In June 2019, the government launched a call for evidence on the proposed framework of a strategy around data usage in the UK, receiving over 100 responses. At the same time, the government undertook a programme of roundtables, workshops, and webinars, to ascertain the parameters, objectives, and evidence supporting what would become the National Data Strategy.
The Strategy, released in September 2020, is a substantial and detailed amalgamation of case studies, statistics, and proposals for the future of data in this country. The permutations for the country’s future relationship with data are significant, but in a recent survey about AI in the Public Sector, 71% of respondents said they hadn’t even read the strategy at all. Since the Government’s plans will have a significant impact on every aspect of data in the UK, from how data is created, to how data is stored and then used, we put together this resource to help familiarise you with the most important parts of the UK Data Strategy.
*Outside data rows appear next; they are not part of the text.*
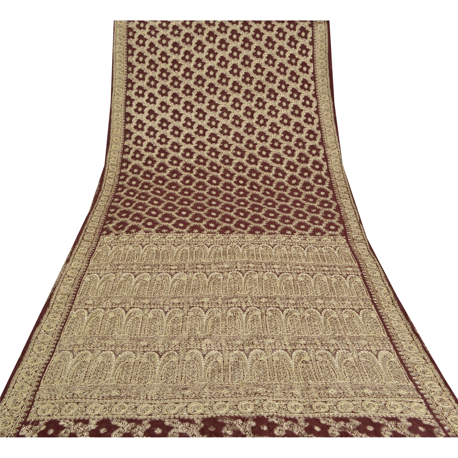 'THE ITEM COLOR OR SHADE MAY BE DARKER OR LIGHTER THAN THE PICTURE.' Outstanding dark red colored blend georgette hand embroidered woven heavy saree. Pallu & border sari has golden zari woven work embellished with white glass beads, golden beads & thread work with floral design. The centre part of the sari has similar woven work with floral design. This heavy saree can be used for various crafting ideas too. Use it for dress designing, as a throw, as window dressing, upholstery, table linen and much more. Let your creative juices flow! 'International buyers please note: Import duties, taxes, and charges are not included in the item price or postage cost. These charges are the buyer's responsibility. Please check with your country's customs office to determine what these additional costs will be prior to bidding or buying. Buyer will pay custom duty/tax. It is calculated and charged differently by every country. As a seller I do not have any control over it. VAT or sales tax is calculated by the platform at the time of checkout. Customs charge is payable at the time of delivery.
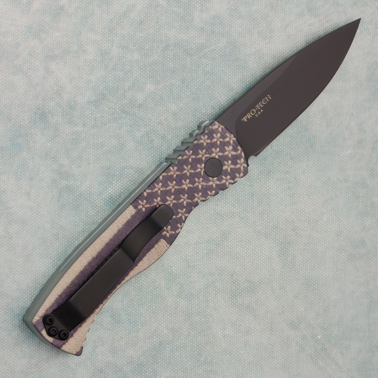 Pro-Tech TR-2 Auto PK Black/ White Flag Handle Black NJ-DC Shield Blade
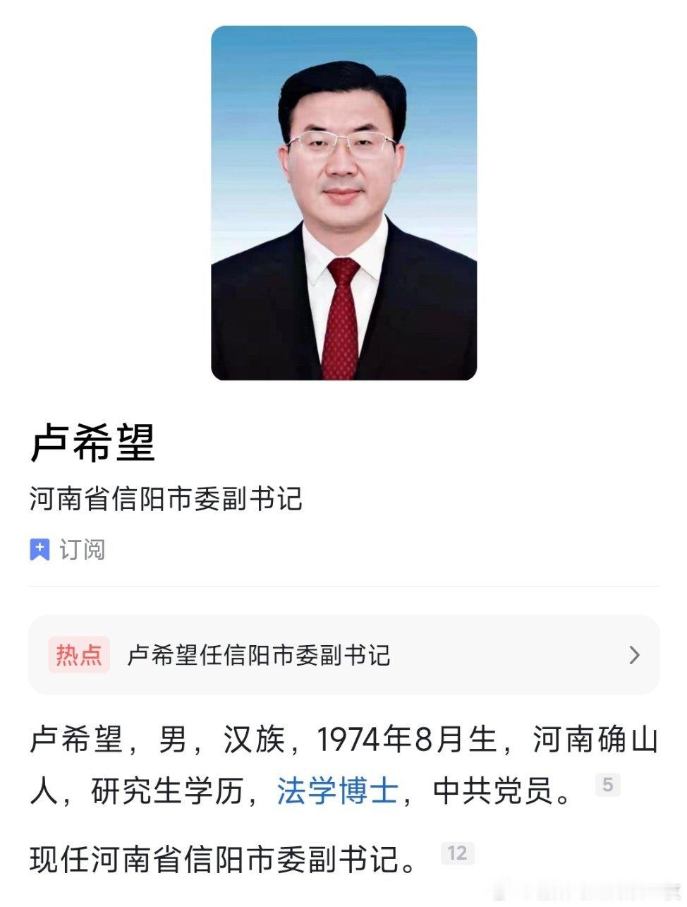 卢希望任信阳市委副书记。
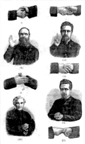 Many secret orders and societies display and use secret handshakes and signs. In Wales (Great Britain) the Order of the True Ivorites was established in 1836 and prospered for many years. Some believe two lodges of Ivorites still exist today. Pictured here are some of their secret signs and handshakes.
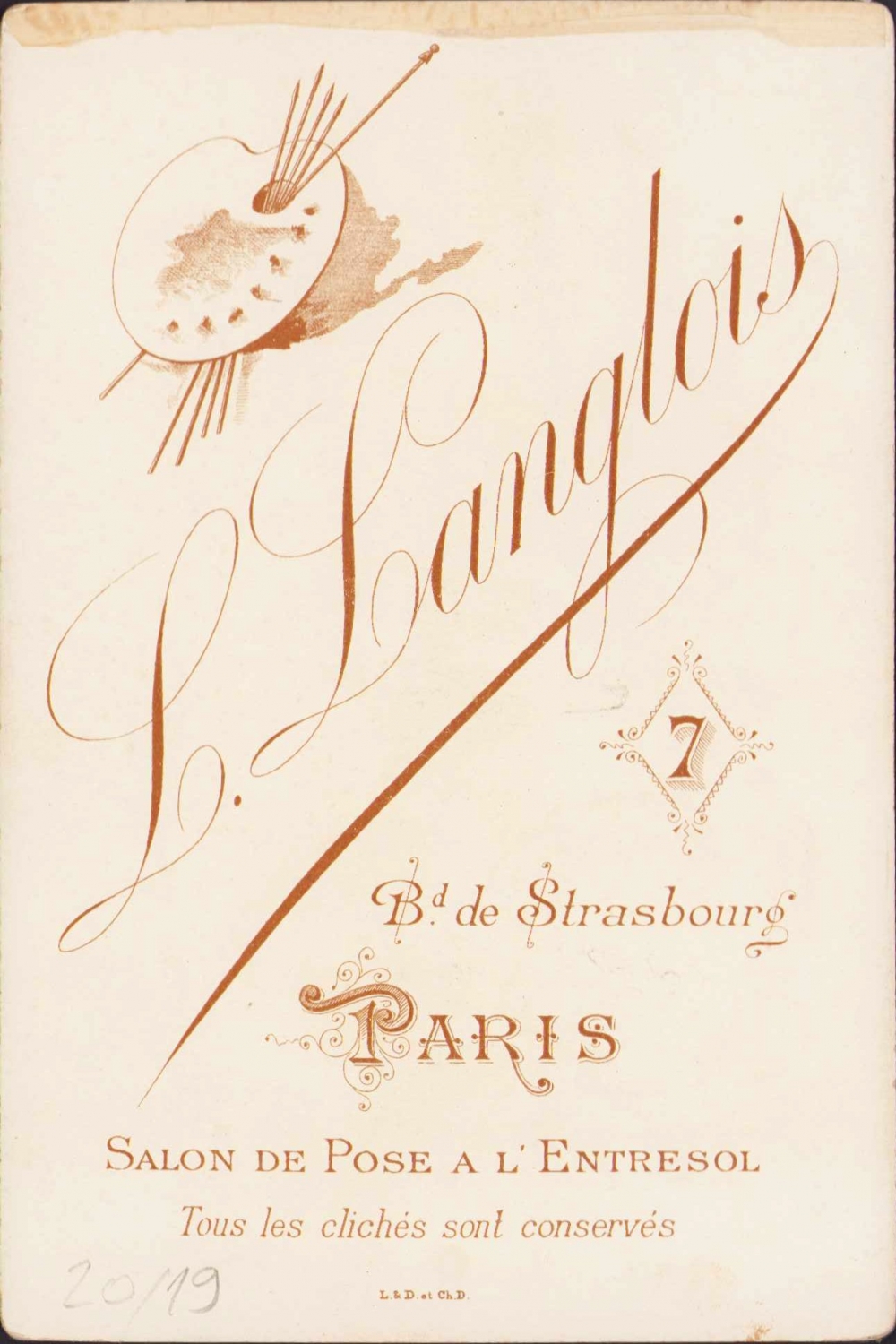 Güzel kadın portresi, Foto L. Langlois, Paris adresli, kabin fotoğrafı, 11x16,5cm
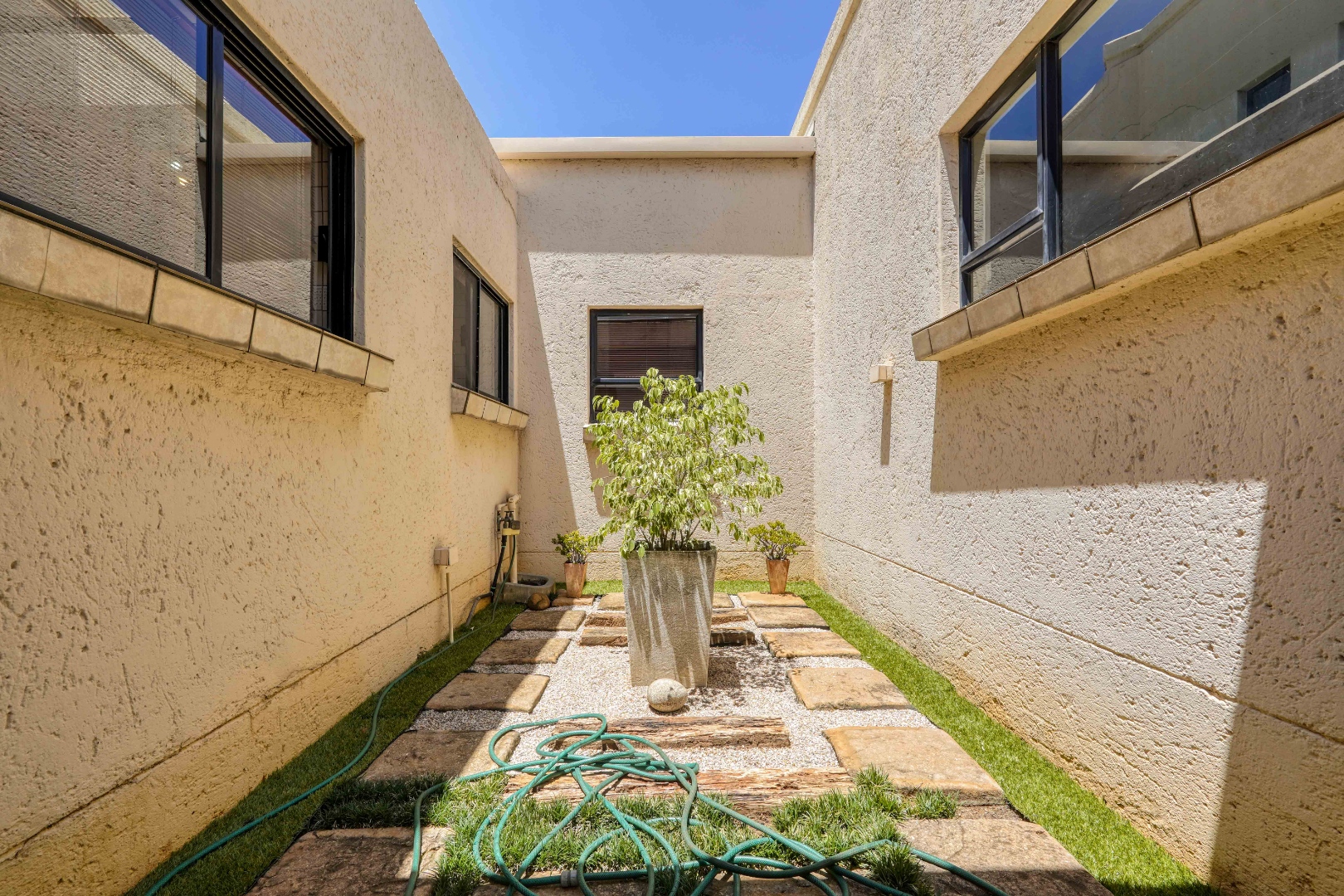 Set in a quiet street within the prestigious Silver Lakes Golf Estate, this architect designed home of approximately 512 sqm offers a beautiful balance of space, light, and timeless comfort. From the moment you step inside, skylights and an indoor garden feature create a bright and airy atmosphere that flows through the open living areas and sets the tone for relaxed, elegant living.
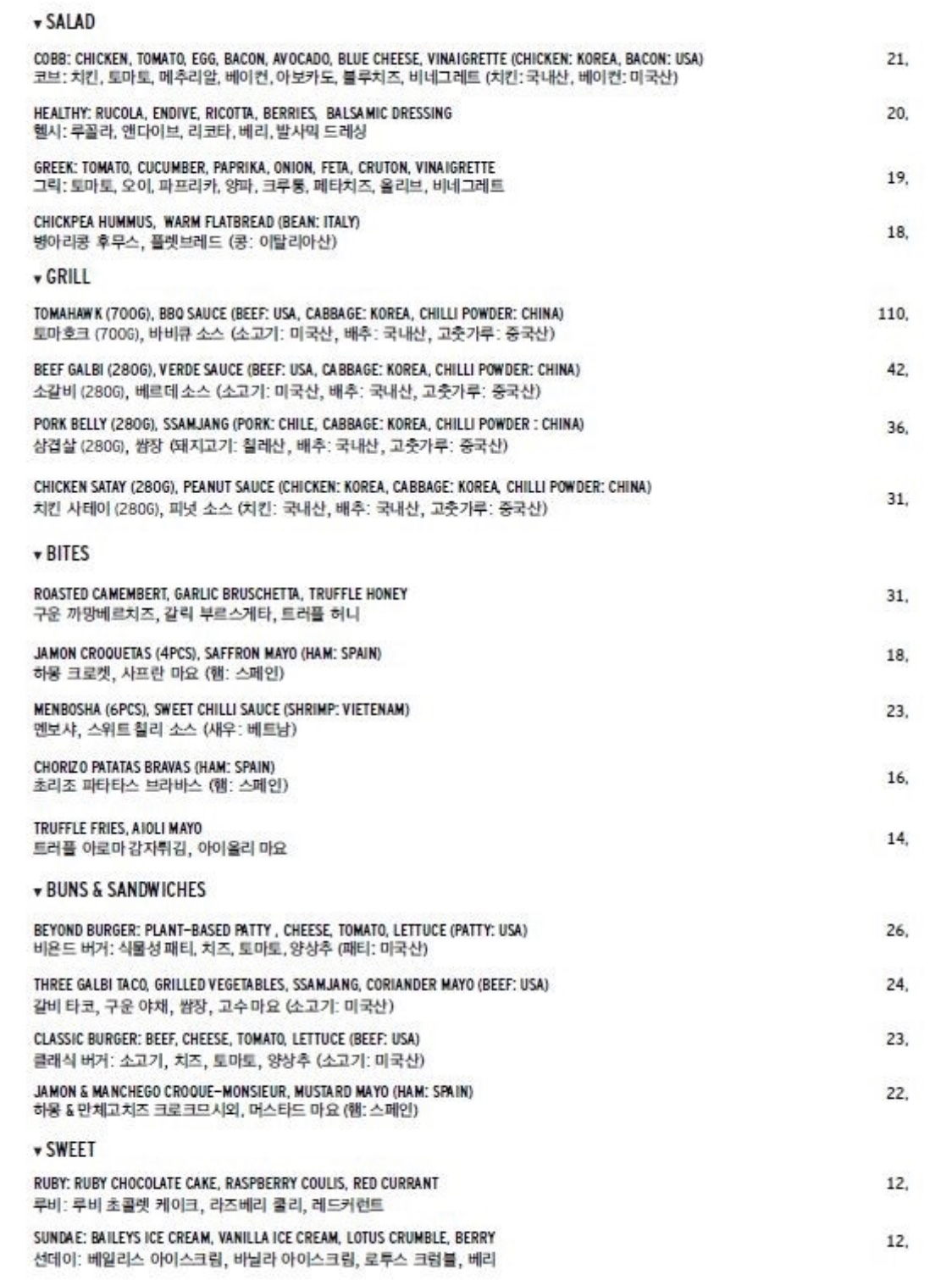콘래드 버티고의 메뉴판은 요렇게 되어있구요,
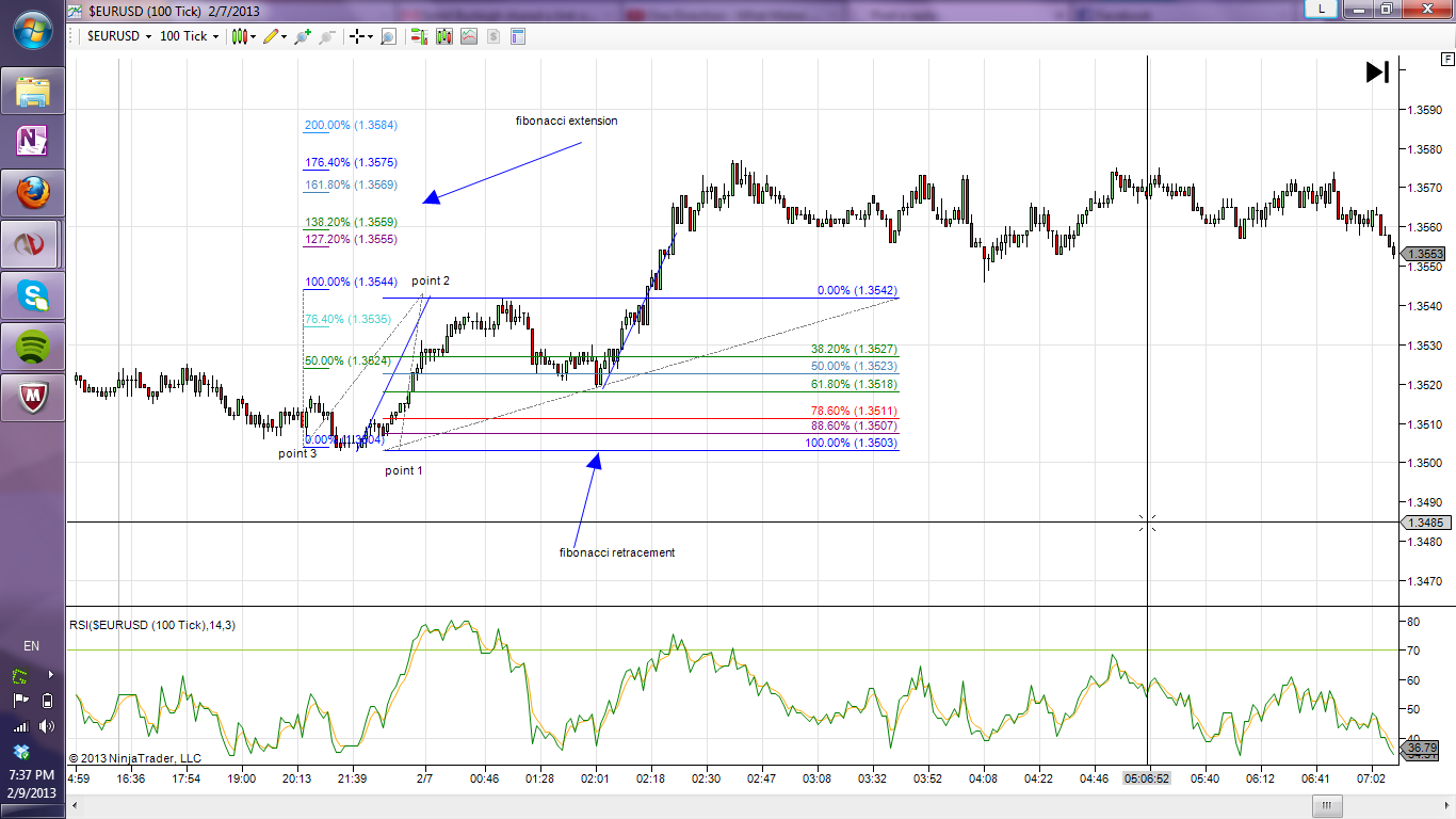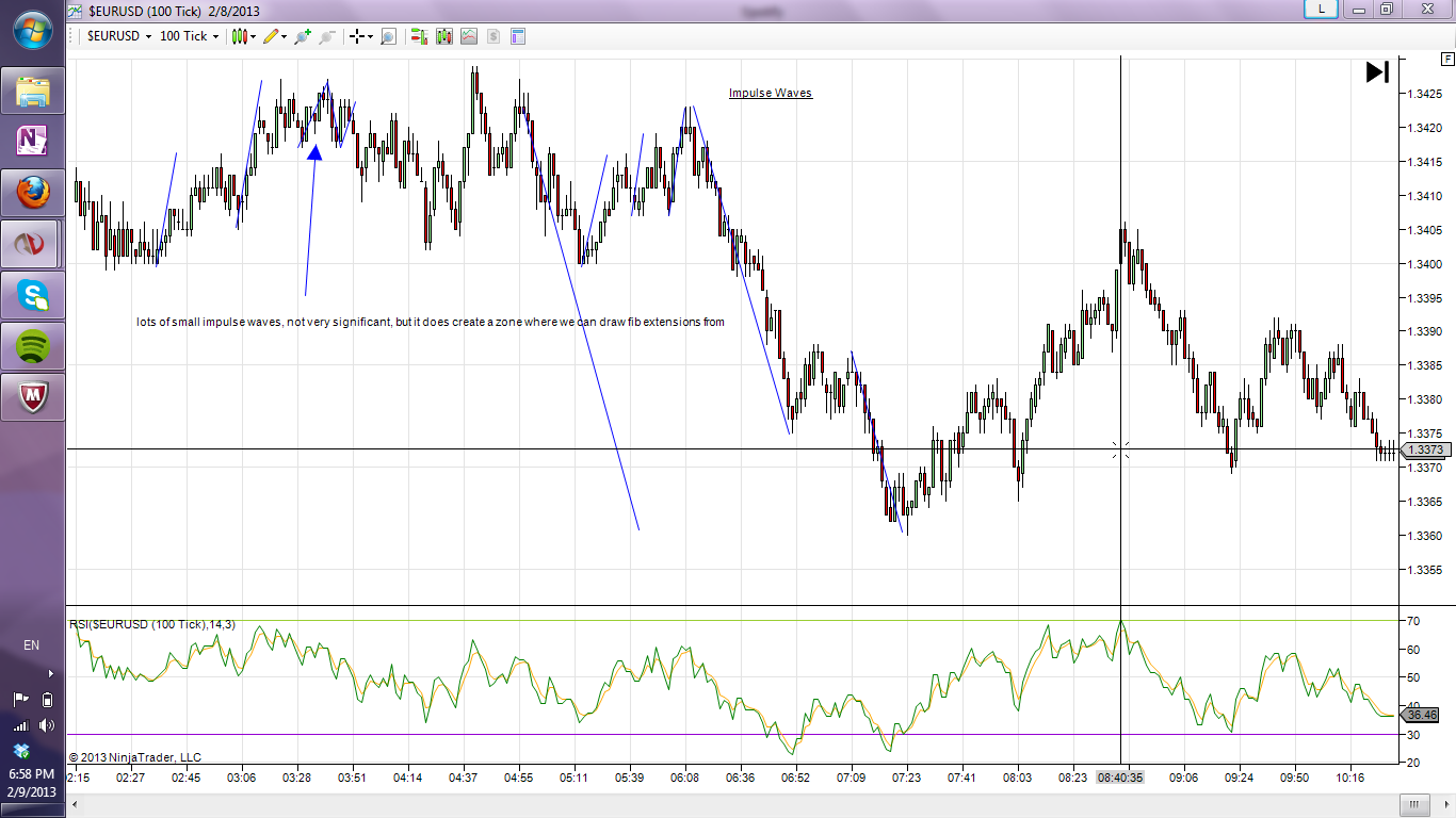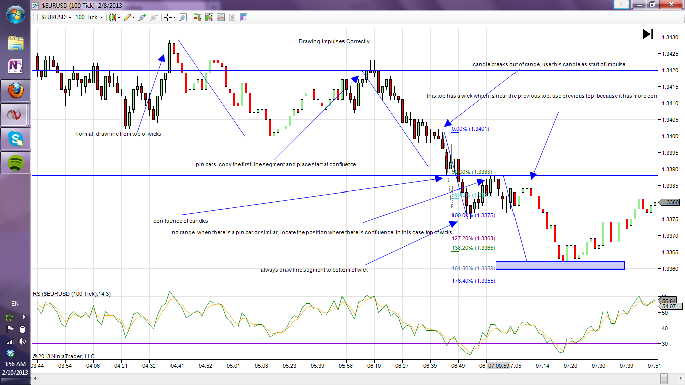 A Break from Fibonacci: How to access tick charts and a platform that allows one to draw line segmentsYou cannot use metatrader for this, you cannot draw equal length impulse waves. You need to use free ninjatrader, and then place trades on metatrader or whatever using the analysis you did in ninjatrader. Dont worry, data feeds are basically the same, and you can get a free live data feed from MBTrading!

Let's begin.
The Data Opportunity
The government’s strategy defines data as information about people, things and systems, and the acceleration of growth in the scale and ubiquity of this data mean that its importance to businesses and organisations of all sizes has also grown exponentially. Indeed, the explosion in the proliferation of data is such that “it is increasingly easier to identify the few human activities that do not generate data than those that do”. Not only is there more data now than ever before, but according to Brian Mullins (CEO of Mind Foundry) “navigating this dense data landscape has provided us with architectures, technologies, and even entire industries dedicated to the pursuit of insight and intelligence”. The Government believes that by acknowledging these realities, and by strategising from this knowledge, we have a tremendous opportunity to achieve the following:
- Boosting productivity and trade
- Supporting new businesses and jobs
- Increasing the speed, efficiency and scope of scientific research
- Driving better delivery of policy and public services
- Creating a fairer society for all
The UK is already a leading digital nation with “the largest data market in Europe” according to the Strategy. However, despite this, we are still faced with numerous barriers that prevent us from truly maximising the potential of our data. If we are to consolidate our position as an international data leader, then we must leverage our existing strengths in order to boost the better use of data across businesses, government, civil society and individuals.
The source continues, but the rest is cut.